Release Notes Release 2.9

Key Features and Enhancements

  • [PyTorch][Jax] Introduced-recipe agnostic functions and APIs to generalize to non-FP8 recipes. See Deprecated Features, below, for a comprehensive list of affected APIs.

  • [C][PyTorch][Jax] Added support for the clamped SwiGLU activation function.

  • [C] Added support for precompiled wheels for cuda13 via PyPI.

  • [PyTorch] Added support for custom training recipes in the autocast context. Transformer Engine quantizers and quantized tensors classes, as well as storage data classes, are now a part of the public API.

  • [PyTorch] Added CPU offload support for all attention layouts.

  • [PyTorch] Added support for the FP8 block scaling recipe (as used in the DeepSeek v3 Technical Report) on NVIDIA Blackwell architecture (the SM100 family).

  • [PyTorch] Added support for gradient accumulation fusion when using FSDP.

  • [PyTorch] Added support for CPU offloading when using GroupedLinear with distributed optimizer.

  • [PyTorch] Exposed as public the following API utility functions: is_fp8_available, is_mxfp8_available, is_fp8_block_scaling_available, is_nvfp4_available, is_bf16_available, get_cudnn_version, get_device_compute_capability, and get_default_recipe.

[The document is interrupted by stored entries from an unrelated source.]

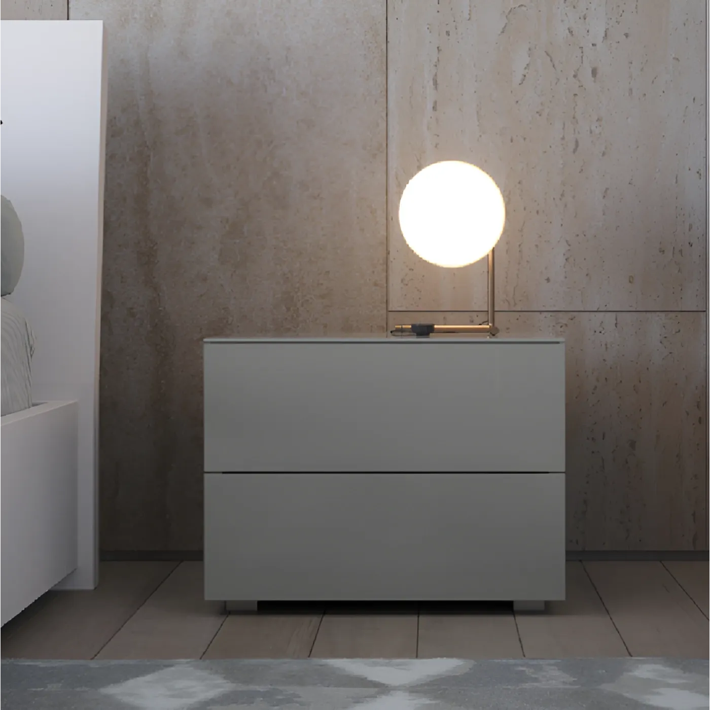 La particolarità del comodino sta nel design super pulito e essenziale. Non ci sono maniglie a vista: l'apertura avviene a presa laterale, il che rende l'aspetto complessivo super lineare e contemporaneo. È un dettaglio che fa la differenza, dando al mobile un tocco di raffinatezza in più.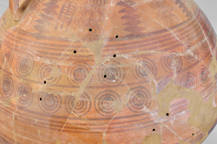 Tinaja de labio moldurado, borde saliente, cuerpo bitroncocónico, base indicada y dos asas de sección en cinta. Decoración pintada geométrica con una cenefa de rombos alternando con cabelleras y otra de dos series de círculos concéntricos. Bajo ésta, bandas y filetes. La pieza está desviada de su eje de torneado. Tiene agujeros de reparación en la parte media. Pieza fragmentada y restaurada.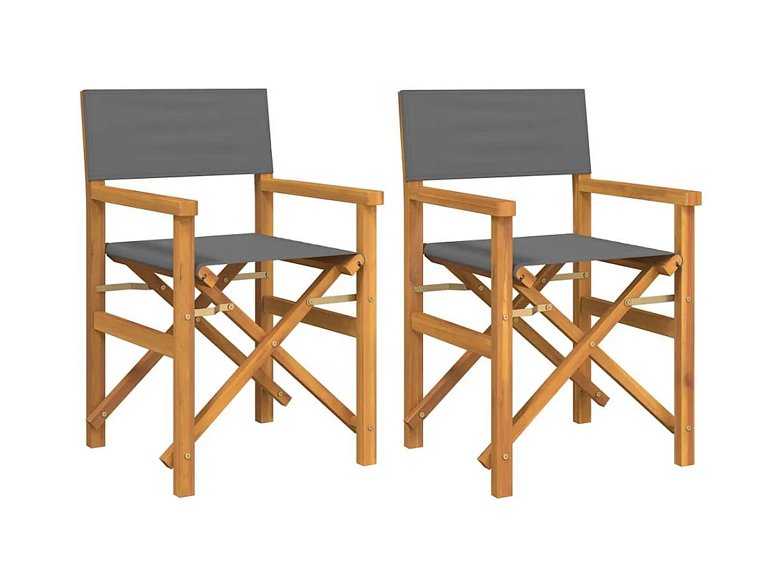 Set di 2 sedie da regista pieghevoli in tessuto di bambù grigio scuro

  • [PyTorch] Added max_logit support for the MuonClip optimizer.

  • [PyTorch][Jax] Improved the logic for selecting the attention backend, addressing various unsupported cases and preventing errors.

  • [Jax] Added support for the NVFP4 training recipe.

  • [Jax] Improved the performance of the current scaling recipes by enabling fused amax calculation in normalization and activation kernels.

  • [Jax] Added support for bottom right causal mask for THD attention. Improved documentation and tutorials for the NVFP4 recipe.

Fixed Issues

  • [Jax] Fixed a crash that occurred when using Context Parallelism with ring attention.

  • [Jax] Fixed an issue with incorrect sharding when get_all_mesh_axes is used.

  • [Jax] Fixed a numerical issue when using bias with Tensor Parallelism.

  • [PyTorch] Fixed an integer overflow issue in the Triton permute kernel.

  • [PyTorch] Fixed the known issue from release_v2.8 which resulted in worse performance for the FP8 current scaling recipe.

  • Fixed a build issue that occurred when cuDNN was installed into a custom location or a Python virtual environment.

Known Issues in This Release

  • [C][PyTorch] The cuDNN attention backend produces NaNs in the forward pass for cases that use a non-causal mask with cuDNN 9.13 and cuDNN 9.14. As a workaround, set the environment variable NVTE_FUSED_ATTN to 0 when using this configuration.

  • [C][PyTorch] The backward pass of cuDNN attention is incompatible with CUDA graphs for BSHD inputs when the sequence (S) dimension is not divisible by 128 and is used with a non-padding mask. As a workaround, set the environment variable NVTE_FUSED_ATTN to 0 when using this configuration.

Breaking Changes in This Release

There are no breaking changes in this release.

Deprecated Features

  • [PyTorch] The function fp8_autocast is deprecated in favor of autocast. The new autocast function uses arguments recipe and amax_reduction_group. instead of fp8_recipe and fp8_group respectively.

  • [PyTorch] The function fp8_model_init is deprecated in favor of quantized_model_init.

  • [PyTorch] The arguments fp8_enabled, fp8_calibrating, fp8_recipe, fp8_group, and fp8_weight_caching in function make_graphed_callables are deprecated in favor of enabled, calibrating, recipe, amax_reduction_group, and cache_quantized_params, respectively.

  • [Jax] The function fp8_autocast is deprecated in favor of autocast.

Miscellaneous

There are no miscellaneous issues in this release.